2026-05-25 23:05:39.720314+00:00

For years, the go-to solution for building Progressive Web Applications (PWAs) in Next.js was next-pwa. Built on top of Workbox, it served the community well during the Pages Router era. However, with the introduction of the Next.js App Router, React Server Components (RSC), and the recent release of React 19, the old tooling has begun to fracture. Deprecations, build-time conflicts, and type-system incompatibilities have made legacy setups increasingly fragile.

Enter Serwist—the modern, active, TypeScript-first successor to next-pwa. Designed specifically to support Next.js 13+ (up to 16) and React 19, Serwist provides a type-safe, optimized pipeline for service worker generation, precaching, and runtime caching.

This article details how to configure a cutting-edge PWA using Next.js 16, React 19, and Serwist. We will explore actual design patterns inspired by the real-world Tetangga App community platform, including critical gotchas such as resolving Firebase database sync conflicts and optimizing initial bundle weight.

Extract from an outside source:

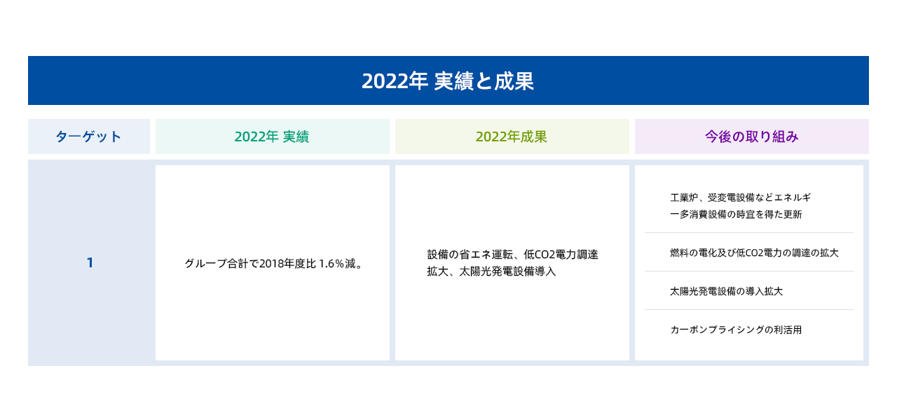 グループ内事業活動における温室効果ガス総排出量を2018年度比 55%削減します。
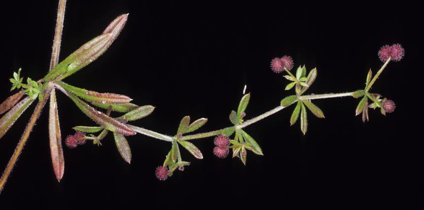 Prostrate or scrambling annual; stems to 2 m long when through other vegetation, rather stout, branched, densely clothed in retrorse, hooked, scabrid hairs on the sharply acute angles. Lvs and stipules in whorls of 5–8, sessile, 10–60 × 2–8 mm (sometimes smaller on exposed prostrate shoots), linear-oblanceolate or narrow-elliptic, often spathulate or obovate on exposed lateral shoots; margins flat or nearly so, densely clothed in retrorse, hooked, scabrid hairs; midrib below and surface generally above ± scabrid; apex shortly awned. Fls (1)–2–(6), in axillary divaricating cymes; peduncles usually > pedicels; whorl of bracts at base of pedicels leaflike and scabrid. Corolla 1–2 mm diam., white or whitish; lobes ovate, ± mucronate. Mericarps 2.5–4 mm diam. (excluding bristles), globose or subglobose (often 1 of the pair smaller or abortive), densely furnished with hooked bristles.

Why Legacy PWA Tools Fail in Next.js 16

Legacy setups like next-pwa fail in modern ecosystems due to three main architectural changes:

  1. RSC Execution Contexts: Traditional Workbox-based webpack plugins are not designed to trace dependencies that span across Server Components and Client Components, leading to asset omission during precaching.
  2. TypeScript & Type Safety: Modern React 19 apps demand strict types. Legacy tools often rely on raw JavaScript templates or outdated type declarations for the Service Worker global scope (ServiceWorkerGlobalScope).
  3. Double-Registration & Hydration Mismatches: Standard PWA modules that automatically inject service worker registration scripts can cause DOM differences during hydration, resulting in React hydration errors.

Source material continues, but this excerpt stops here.